• Sonuç bulunamadı

NATO, ISAF ve Afganistan Silahlı Kuvvetleri

5. AFGANİSTAN’DA TALİBAN, EL-KAİDE VE 11 EYLÜL SONRASI

5.5. Müdahaleden Sonrası Afganistan’da Savaşan Taraflar

5.5.1. NATO, ISAF ve Afganistan Silahlı Kuvvetleri

ABD’liler öncelikle Afganistan’ı SSCB için Vietnam’a çevirmek, sonrası Pakistan, Çin ve hatta Afganistan ile ilişkiler kurarak Basra Körfezi SSCB tehlikesinden ebediyen arındırmayı planlayıp başarması olmuştur (Goldstein ve Pevehouse, 2017: 71-72).

Afganistan 90’lı yıllarda, militanlar ve aşırı dinci grupların savaş ateşi içinde yanmıştır. 21. yüzyılın başlamasıyla birlikte, bazı ülkeler tarafından destekte bulunmuş olan Afganistan’da aşırı dinci Taliban ve El-Kaide, bölge ülkelerin yanında uluslararası ülkelerin güvenliğini de tehdit etmiştir. 11 Eylül olayından sonra ABD, İngiltere güçleri ile Afganistan’a müdahale ettikten sonra, NATO ve NATO üyesi olmayan bazı devletler, Uluslararası İtilaf Güçler adı altında Afganistan’a müdahale etmiştir (Özkan, 2002: 248-249).

ABD önderliğinde Uluslararası İtilaf Güçler, barışçıl ve demokrasi vaatlerle Afganistan’a müdahalede bulunmuştur. Fakat müdahaleden sonra bunca vaatlere rağmen, Afganistan’da herhangi bir barış ve demokrasi söz konusu olmamış, farklı bir isim altında ülkede yeni bir savaş sayfası açılmıştır. Ülkede bu kez savaşan taraflar, sadece militanlar ve kökten dinci (Taliban ve El-Kaide) grupları değil, bunlara ilaveten Uluslararası İtilaf Güçler de katılmıştır. 2001 müdahalesinden sonra Afganistan’da savaşan tarafları ikiye ayırabiliriz. Birincisi, ABD yanlısı Afgan militanlar (Afganistan Silahlı Kuvvetleri) ve ABD önderliğindeki Uluslararası İtilaf Güçler oluşurken, ikincisi, Afganistan devletine ve Uluslararası İtilaf Güçlere karşı olan Taliban, El-Kaide ve diğer terör veya muhalif gruplar oluşmaktadır.

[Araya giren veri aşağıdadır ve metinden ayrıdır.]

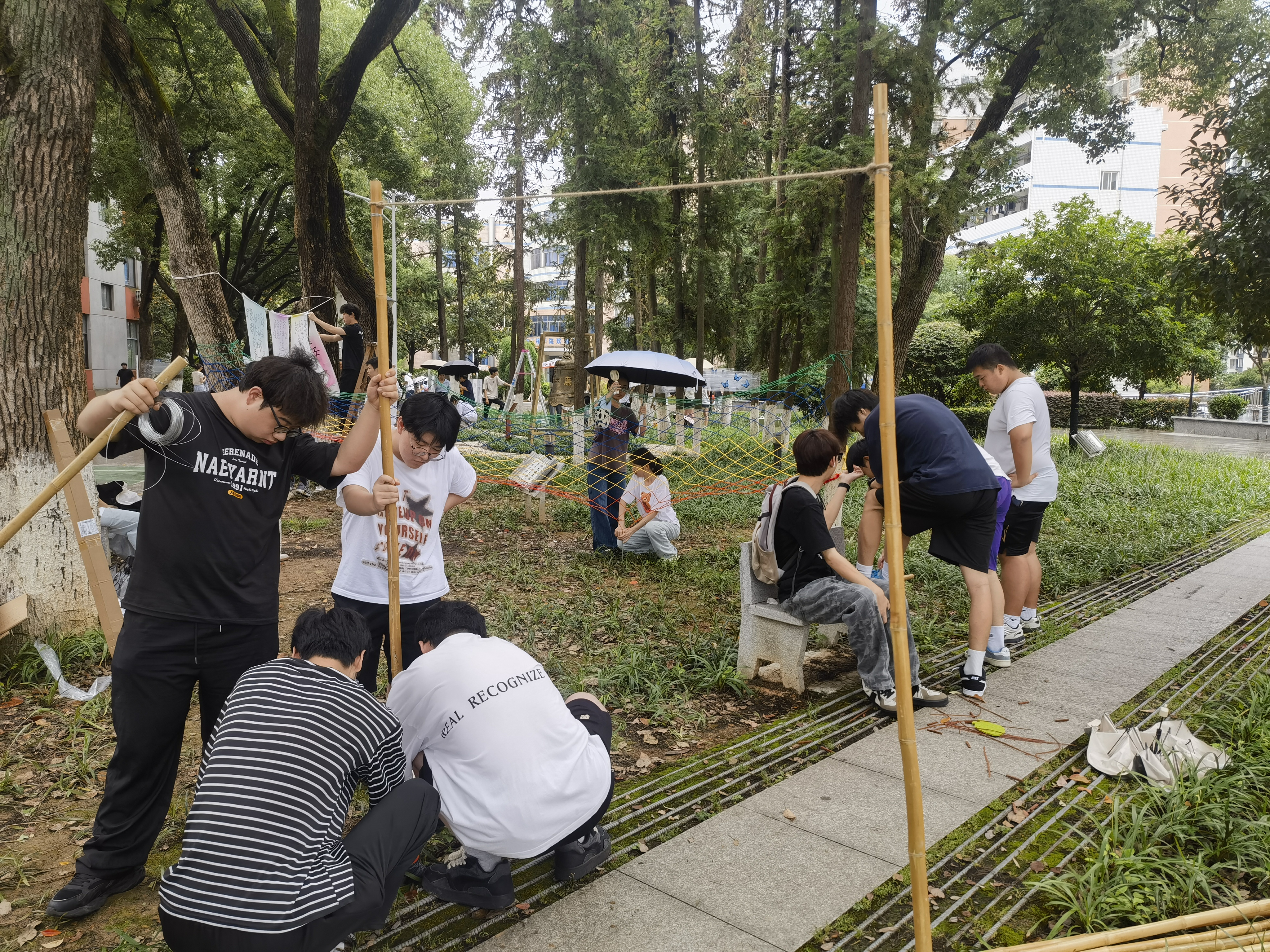 在课程前期准备阶段,师生团队深入研习环境心理学中“空间-行为-情感”的作用机制,重点探讨如何通过色彩心理学、材质感知、空间布局等专业手段,激发大学生对校园空间的情感认同。“我们希望通过设计唤醒学生内心的童真,同时传递积极向上的青春力量。”课程负责人卢宇婷老师介绍道。在设计构思中,学生们将课程思政要求转化为具体设计语言:选用塑料、木棍、麻绳等可回收材料,既践行绿色环保理念,又通过低成本材料的创意转化体现“变废为宝”的创新思维;团队协作完成从方案设计到现场施工的全流程,深度培养沟通协调与责任担当意识。

5.5.1. NATO, ISAF ve Afganistan Silahlı Kuvvetleri

İkinci Dünya Savaşından sonra uluslararası sistem çerçevesinde devletler dengeleme politikasını izleyerek kutuplar oluşturmuştur. İkinci Dünya Savaşının galip olan ülkeler arasında Sovyetler Birliği de yer almıştır. Doğu bloğunun aktörleri ile Sovyetler Birliği liderliğinde doğu bloğuna ait güçlü bir Varşova askeri paktı faaliyet göstermiştir. Doğu bloğuna karşılık, ABD ve Batı Avrupa ülkeleri, Sovyetler Birliğinin tehdidinden korunmak için bir askeri ittifaka ihtiyaç duymuşlardır. ABD’li stratejistler ve yöneticiler, diğer müttefikleriyle birlikte yaptıkları konferanslar ve toplantılar sonucunda 4 Nisan 1949 yılında, Washington antlaşması diğer bir değişle dünya dilinde meşhur olan NATO antlaşmasına imza atmışlardır. Washington antlaşması (NATO) kurucuları olan, ABD, Kanada, Danimarka, Hollanda, Belçika, Norveç, Lüksemburg, İngiltere, Portekiz, İtalya, İzlanda ve Fransa toplam 12 ülke, müştereken imza atmıştır (Yiğittepe, 2017: 22). NATO kurulduktan sonra, bazı ülkelerin örgüte katılım teklifinde bulunması ve bazı ülkelere de NATO tarafından örgüte davetlerin olmasıyla belli sürelerde genişlemeler yaşanmıştır. NATO, Soğuk Savaş dönemindeki genişlemeler ve Soğuk Savaş sonrasındaki genişlemeler şeklinde iki önemli genişlemeler yaşamıştır. 4 Nisan 1949 tarihinde, 12 üyeyle kurulmuş olan NATO, genişleme süreçleriyle birlikte en son 1 Nisan 2009 tarihinde, Arnavutluk ve Hırvatistan ülkelerinin katılımıyla NATO’nun şuanki üye sayısı 28 ülkeye ulaşmıştır (Yiğittepe, 2017: 66).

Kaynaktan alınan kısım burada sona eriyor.